> [THE TASK] Transcribe only the lines in the data below falling between the line with "上图为一个控制器+一个分配器" and the line with "2.任课教师调、代课手续须提", including those two lines, and leave out any picture.

> [ENTRIES PROVIDED]
============
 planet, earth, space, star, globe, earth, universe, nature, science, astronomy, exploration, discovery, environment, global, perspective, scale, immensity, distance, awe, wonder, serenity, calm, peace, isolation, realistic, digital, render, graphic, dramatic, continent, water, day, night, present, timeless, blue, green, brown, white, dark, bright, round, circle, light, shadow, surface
============
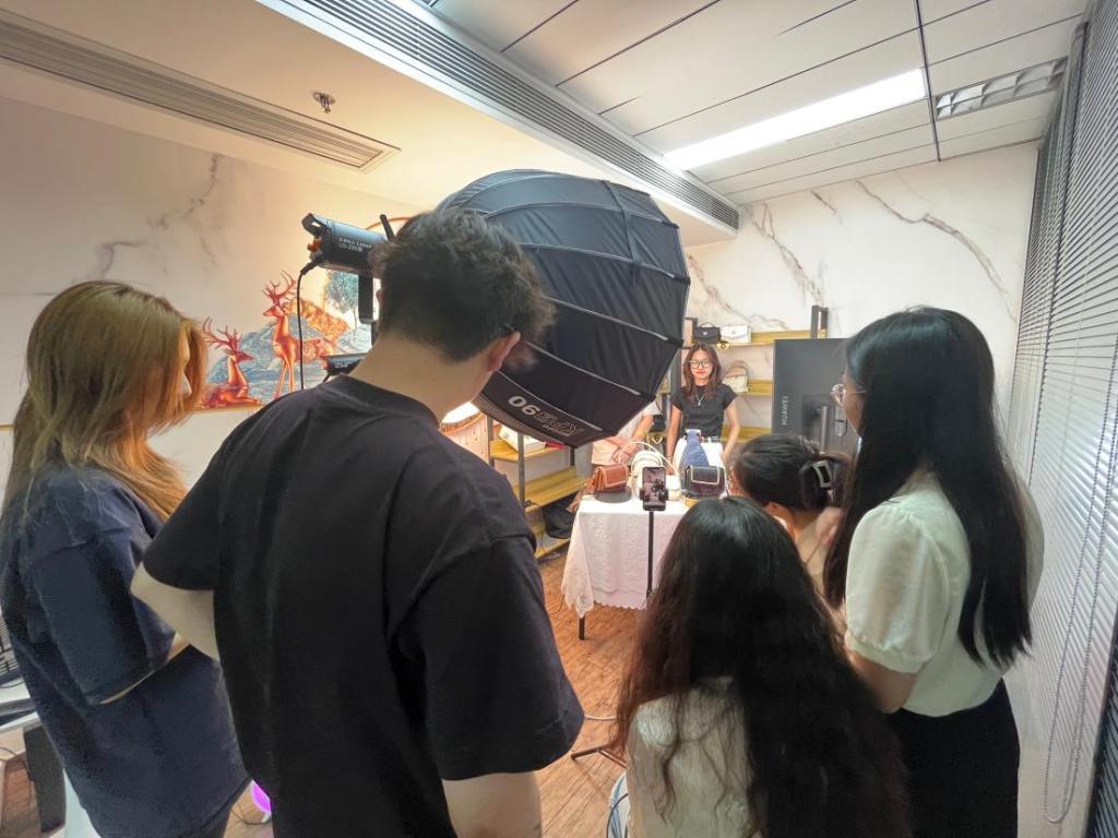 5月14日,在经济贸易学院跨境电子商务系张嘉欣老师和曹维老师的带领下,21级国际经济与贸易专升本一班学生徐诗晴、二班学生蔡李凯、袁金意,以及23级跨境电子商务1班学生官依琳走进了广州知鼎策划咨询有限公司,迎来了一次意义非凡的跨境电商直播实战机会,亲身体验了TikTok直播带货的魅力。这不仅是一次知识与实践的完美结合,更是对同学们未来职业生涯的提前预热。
============
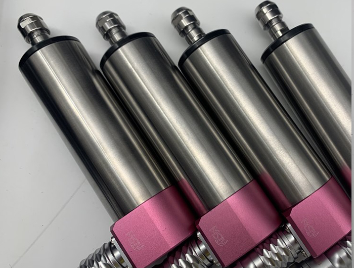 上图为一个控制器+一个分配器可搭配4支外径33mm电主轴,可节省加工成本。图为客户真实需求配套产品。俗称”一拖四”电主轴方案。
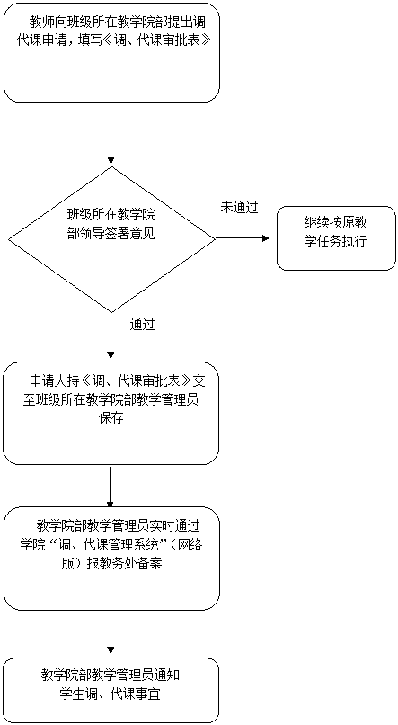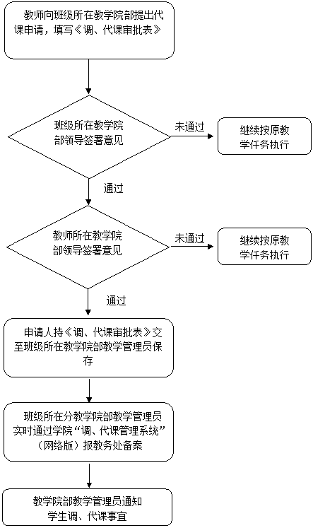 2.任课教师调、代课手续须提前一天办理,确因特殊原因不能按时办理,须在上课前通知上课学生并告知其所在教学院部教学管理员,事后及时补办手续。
============
> [RESULT OF THIS TASK]
 上图为一个控制器+一个分配器可搭配4支外径33mm电主轴,可节省加工成本。图为客户真实需求配套产品。俗称”一拖四”电主轴方案。
 2.任课教师调、代课手续须提前一天办理,确因特殊原因不能按时办理,须在上课前通知上课学生并告知其所在教学院部教学管理员,事后及时补办手续。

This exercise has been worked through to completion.